In the simplest terms -- When we say that our eyes see, all we really mean is that light has entered them and has affected them. When that happens, we see. It does not matter whether the light has been produced by a match that someone has held in front of our eye, or whether the light has come from a star so distant, that its light took ten thousand years to reach us.
In either case, if light enters our eyes in sufficient quantity to affect it, we see. The answer to our question, therefore, is that our eyes can see to any distance from which light can reach them. The question is, whether the light has that traveled billions and billions of miles, or only half an inch, which makes not the slightest difference to our eyes.
It is quite a distinct question, however, at what distance our eyes can distinguish the details of a particular thing. This depends on many variables, but it can be reckoned to some extent.
We know that if there were any building on the moon as large as some of our big sky scrapers, it could be recognized in our best telescopes. Standing at any given point, we can usually see what is called the horizon, from the Greek word horos, which means "boundary."
In this case, the horizon means the boundary between the earth and the sky. We understand, of course, that the line we see on the horizon -- is not really the boundary between earth and sky, but merely the boundary between them as they "appear" to our eyes.
As we stand by the seashore, the sky and the sea seem to meet. We can see a line which seems to be the end of the sea and the bottom of the sky.
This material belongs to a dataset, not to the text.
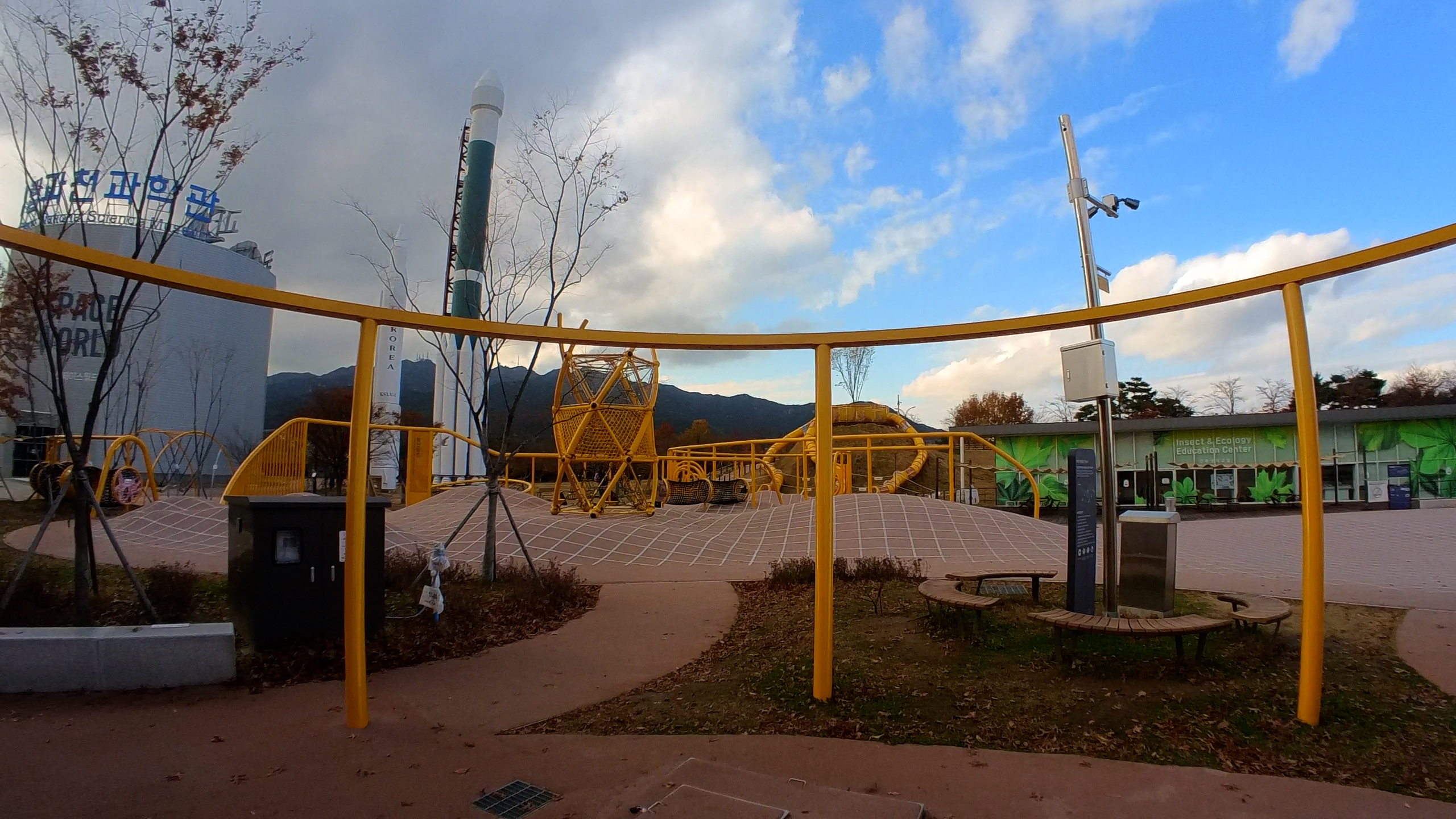 전시장 뒤편으로 우주의 기지와 같은 노란색 놀이기구가 펼쳐져있었다.

That is the horizon.
Similarly, if we stand on a plain or plateau of land we can, if there are no trees or houses in the way -- see where the end of the land "seems" to touch the bottom rim of the dome we call sky. That is also the horizon.
Its distance depends on how high our eyes are from the level of the sea, if we are looking across the sea, or from the level of the land across which we are look, or if we were looking over a plain.
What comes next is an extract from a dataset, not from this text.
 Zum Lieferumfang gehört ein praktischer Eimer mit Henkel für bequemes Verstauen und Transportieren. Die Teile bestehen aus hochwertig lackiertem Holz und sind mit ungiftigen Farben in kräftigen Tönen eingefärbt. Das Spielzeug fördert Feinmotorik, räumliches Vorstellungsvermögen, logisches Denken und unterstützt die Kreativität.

A person standing on the shore looks out on the sea, from a distance about five feet higher to six feet higher than the level of the sea (depending upon their height). Using the height of their eyes from seal level, roughly a person can see more than two and one half to three miles in front of them. Their horizon is just this distance away.
The eyes of the individual on the edge of a cliff, on the other hand, could be one hundred feet or more above sea-level, and in that instance, they can see about thirteen to fourteen miles off, for that is where their horizon is.
Then, if you were standing at the top of a lighthouse that is one hundred and fifty feet above sea-level, and if you looked out on the sea from this point, you would see about seventeen miles, and your horizon would also be the same.
The scientific explanation of all this would be that "range of vision is determined by the altitude of the observer." In simple language, this means that the higher up we are, the farther we can see. That is because our world is a globe.
Perhaps, we can understand better how this is if we stand in front of a row of houses forming a bulging crescent. Let us stand close to one of the houses and turn our heads first to the right, and then to the left. We cannot see much of the row of houses -- perhaps only a little bit of the house on each side of the one in front of which we are standing.
We step back into the middle of the street and look again. Now, we can see a good many more of the houses, but still not all, if the row is long. Then, we cross to the far side of the street, and many more will come within range.
To look for the horizon is much the same thing. The earth is round, and the farther we are above the ground along which we are looking, the farther we can see.
In the table I've made above, is shown how far anyone can see at various distances from the earth's surface. In the grand scheme of life it probably doesn't matter if we know how far off the horizon is, but it makes for pleasant debate to throw out that bit of simple knowledge -- especially with children.
They are always amazed to learn that at the one mile high -- we can see about ninety-six miles.
NOTE: The figures are approximate, as the table was drawn up for simplicity, and so it avoids small fractions.